Exercise prompt. In your copy, include every entry exactly as written but no pictures.

Provided data.
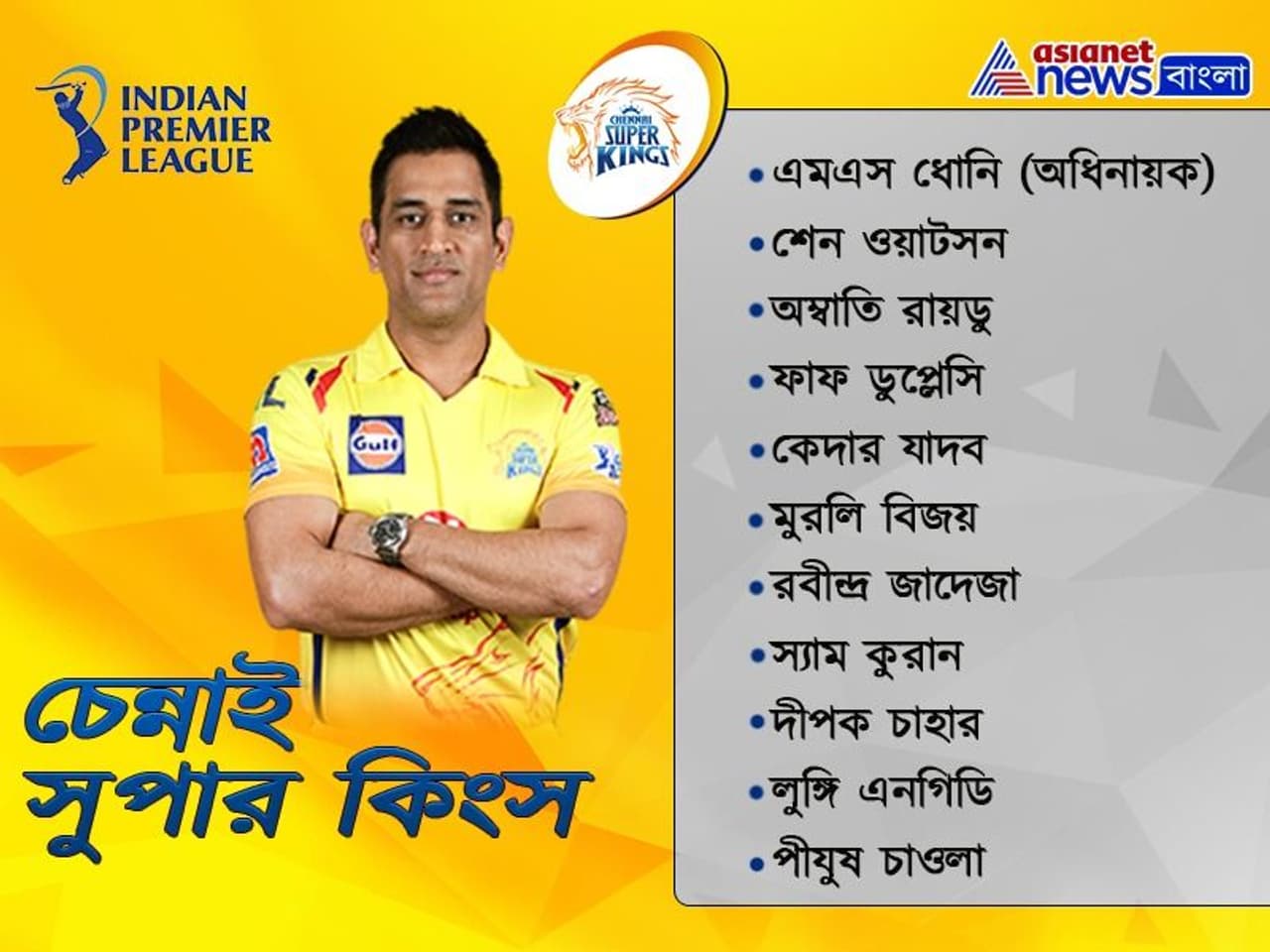 চেন্নাই সুপার কিংস দলে রয়েছে , এমএস ধোনি, শেন ওয়াটসন , অম্বাতি রায়ডু, ফাফ ডুপ্লেসি, কেদার যাদব ,মুরলি বিজয়, রবীন্দ্র জাদেজা, স্যাম কুরান, দীপক চাহার, লুঙ্গি এনগিডি, পীযুষ চাওলা।
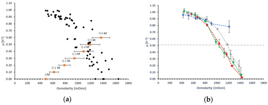 (a) Specific growth rate (● h−1) of L. lactis NCDO 2118 measured in chemically defined medium (CDM) containing various concentrations of salts or polyols (0 to 0.6 M) and corresponding range of osmolarity at a given salt or polyol molarity (■ and the given concentration above in M) after 6 h of growth (b) mean of specific growth rate (h−1) of L. lactis NCDO 2118 measured in CDM containing various concentrations of chloride ●, phosphate ●, or sulfate ● salts or polyols ●.
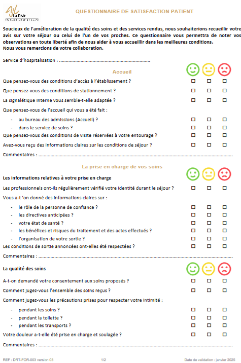 Votre satisfaction et l’amélioration continue de votre prise en charge sont les objectifs prioritaires de l’établissement. Vos retours, nous permettent d'améliorer la prise en charge. L'établissement vous propose 2 canaux de retours possibles :
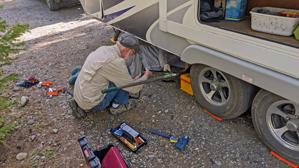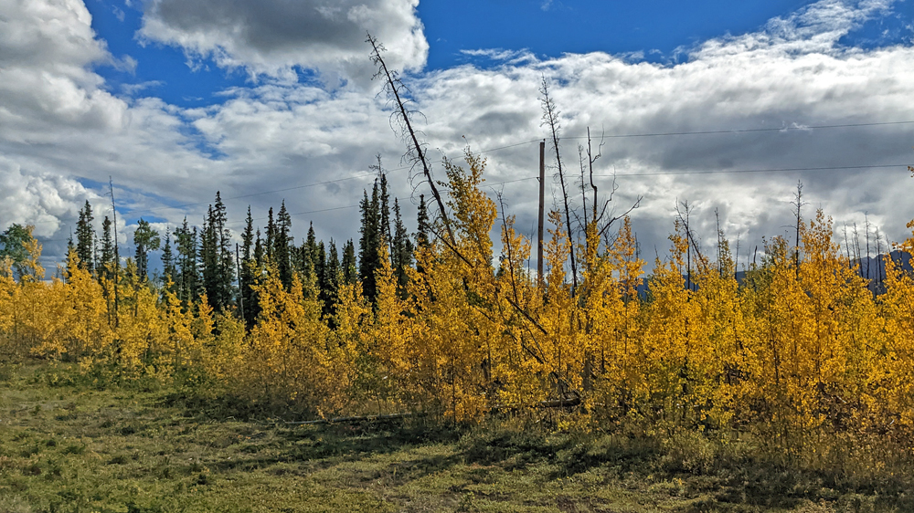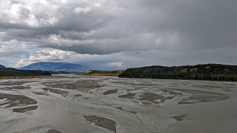 Wir bleiben zwei Nächte auf einer Kiesbank am Salcha River, wo wir den vorbeifahrenden Propellerbooten zusehen (und -hören…) können. Das Wetter wird definitiv herbstlich, mit tiefhängenden Wolken. Auf der Fahrt nach Tok klart der Himmel wieder auf und wir können das goldene Leuchten der ersten so richtig verfärbten Bäume geniessen. In Tok übernachten wir wieder auf dem Alaskan Stoves Campground, der uns auf der Hinfahrt schon so gut gefallen hatte. Wir kommen zufällig ins Gespräch mit Larry, der ganz unglücklich ist, weil der Wassertank seines Trailers durch die rumpeligen Strassen heruntergefallen ist. Jetzt muss er bis Anfang nächster Woche auf eine Reparatur warten und hätte doch eine Campsite in einem Nationalpark reserviert. Ozy guckt sich die Sache aus der Nähe an. Eine Halterung ist gebrochen, aber es lässt sich reparieren! Mit Hilfe von Larry und einem Wagenheber schafft er es, den Tank wieder in Position zu bringen und mit einigen, von Larry dafür in Tok erstandenen Ratschen-Zurrgurte zu fixieren. Das wird für die Heimreise reichen! Larry ist überglücklich und bedankt sich mit einer Geldspende – die wir dankbar gleich in ein feines Znacht bei Fast Eddie’s investieren.
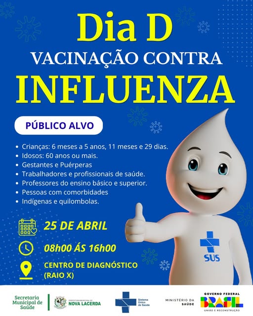 A Prefeitura de Nova Lacerda convida toda a população para participar do Dia D de vacinação contra a Influenza, que será realizado no dia 25 de abril.
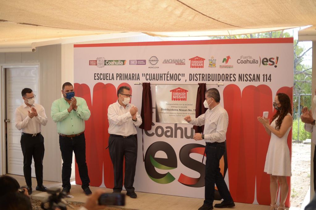 El Mandatario estatal, acompañado de Enrique Zavaleta Ramos, presidente de la Fundación Nissan; Patricio Zabaleta Harb, Gerente General de la Empresa Nissan Monclova, y Patricia Gracía, vicepresidenta de la Fundación Distribuidores Nissan, develaron la placa inaugural de ambas escuelas.

Your response.
 চেন্নাই সুপার কিংস দলে রয়েছে , এমএস ধোনি, শেন ওয়াটসন , অম্বাতি রায়ডু, ফাফ ডুপ্লেসি, কেদার যাদব ,মুরলি বিজয়, রবীন্দ্র জাদেজা, স্যাম কুরান, দীপক চাহার, লুঙ্গি এনগিডি, পীযুষ চাওলা।
 (a) Specific growth rate (● h−1) of L. lactis NCDO 2118 measured in chemically defined medium (CDM) containing various concentrations of salts or polyols (0 to 0.6 M) and corresponding range of osmolarity at a given salt or polyol molarity (■ and the given concentration above in M) after 6 h of growth (b) mean of specific growth rate (h−1) of L. lactis NCDO 2118 measured in CDM containing various concentrations of chloride ●, phosphate ●, or sulfate ● salts or polyols ●.
 Votre satisfaction et l’amélioration continue de votre prise en charge sont les objectifs prioritaires de l’établissement. Vos retours, nous permettent d'améliorer la prise en charge. L'établissement vous propose 2 canaux de retours possibles :
 Wir bleiben zwei Nächte auf einer Kiesbank am Salcha River, wo wir den vorbeifahrenden Propellerbooten zusehen (und -hören…) können. Das Wetter wird definitiv herbstlich, mit tiefhängenden Wolken. Auf der Fahrt nach Tok klart der Himmel wieder auf und wir können das goldene Leuchten der ersten so richtig verfärbten Bäume geniessen. In Tok übernachten wir wieder auf dem Alaskan Stoves Campground, der uns auf der Hinfahrt schon so gut gefallen hatte. Wir kommen zufällig ins Gespräch mit Larry, der ganz unglücklich ist, weil der Wassertank seines Trailers durch die rumpeligen Strassen heruntergefallen ist. Jetzt muss er bis Anfang nächster Woche auf eine Reparatur warten und hätte doch eine Campsite in einem Nationalpark reserviert. Ozy guckt sich die Sache aus der Nähe an. Eine Halterung ist gebrochen, aber es lässt sich reparieren! Mit Hilfe von Larry und einem Wagenheber schafft er es, den Tank wieder in Position zu bringen und mit einigen, von Larry dafür in Tok erstandenen Ratschen-Zurrgurte zu fixieren. Das wird für die Heimreise reichen! Larry ist überglücklich und bedankt sich mit einer Geldspende – die wir dankbar gleich in ein feines Znacht bei Fast Eddie’s investieren.
 A Prefeitura de Nova Lacerda convida toda a população para participar do Dia D de vacinação contra a Influenza, que será realizado no dia 25 de abril.
 El Mandatario estatal, acompañado de Enrique Zavaleta Ramos, presidente de la Fundación Nissan; Patricio Zabaleta Harb, Gerente General de la Empresa Nissan Monclova, y Patricia Gracía, vicepresidenta de la Fundación Distribuidores Nissan, develaron la placa inaugural de ambas escuelas.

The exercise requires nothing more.